WHAT YOU WILL DO - Begin at the line that contains "Koszulka z grafiką, która" and reproduce it along with every line after it to the end of the listing; skip any pictures.

STORED DATA -

-- Opening Marker --

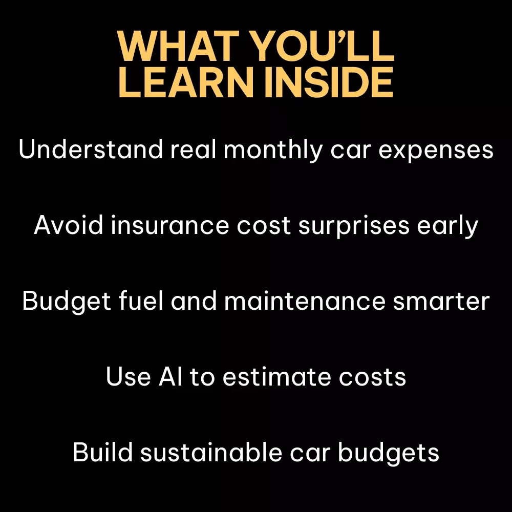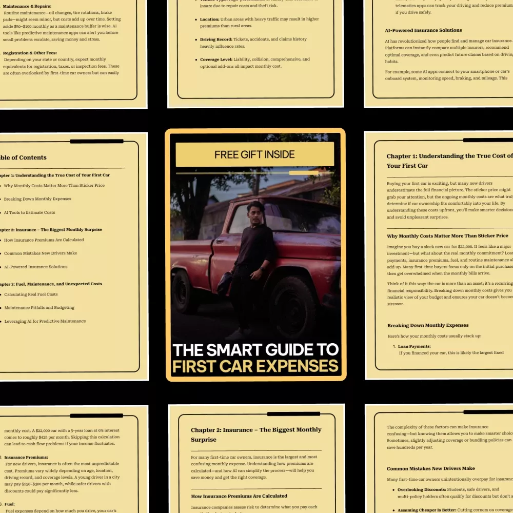 This guide is perfect for anyone buying their first car who wants to avoid financial surprises. Unlike generic car budgeting resources, this guide focuses on real-world monthly expenses and shows you how to use AI-powered tools to stay ahead of costs. It combines practical budgeting advice with modern technology, making it a smart, forward-thinking resource you won’t find elsewhere.
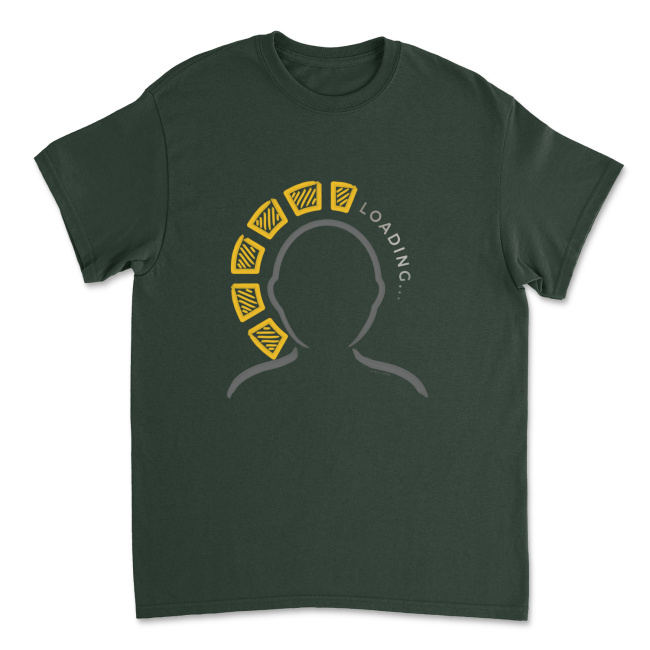 Koszulka z grafiką, która ma w żartobliwy sposób ukazywać to, że noszący ją katolik dąży do świętości, ale z drugiej strony wie, że świętym, póki co nie jest i ma dużo do wypracowania ze sobą i Chrystusem. Inspirowana oczywiście komputerowymi paskami i kółeczkami logowania oraz “fejsbukowym” domyślnym zdjęciem profilowym.
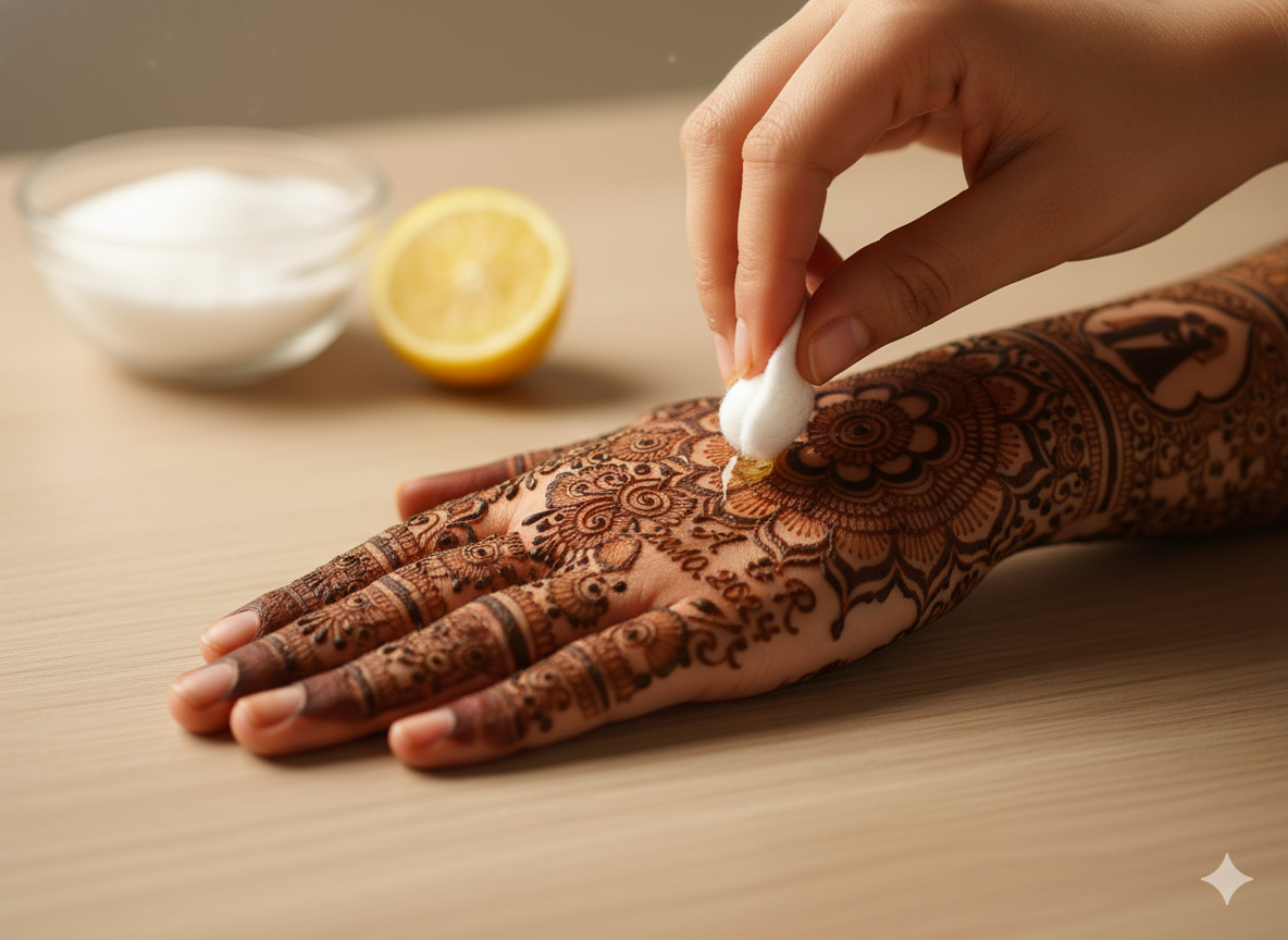 - Applying lotion before mehndi.

-- Closing Marker --

EXERCISE SOLUTION -
 Koszulka z grafiką, która ma w żartobliwy sposób ukazywać to, że noszący ją katolik dąży do świętości, ale z drugiej strony wie, że świętym, póki co nie jest i ma dużo do wypracowania ze sobą i Chrystusem. Inspirowana oczywiście komputerowymi paskami i kółeczkami logowania oraz “fejsbukowym” domyślnym zdjęciem profilowym.
 - Applying lotion before mehndi.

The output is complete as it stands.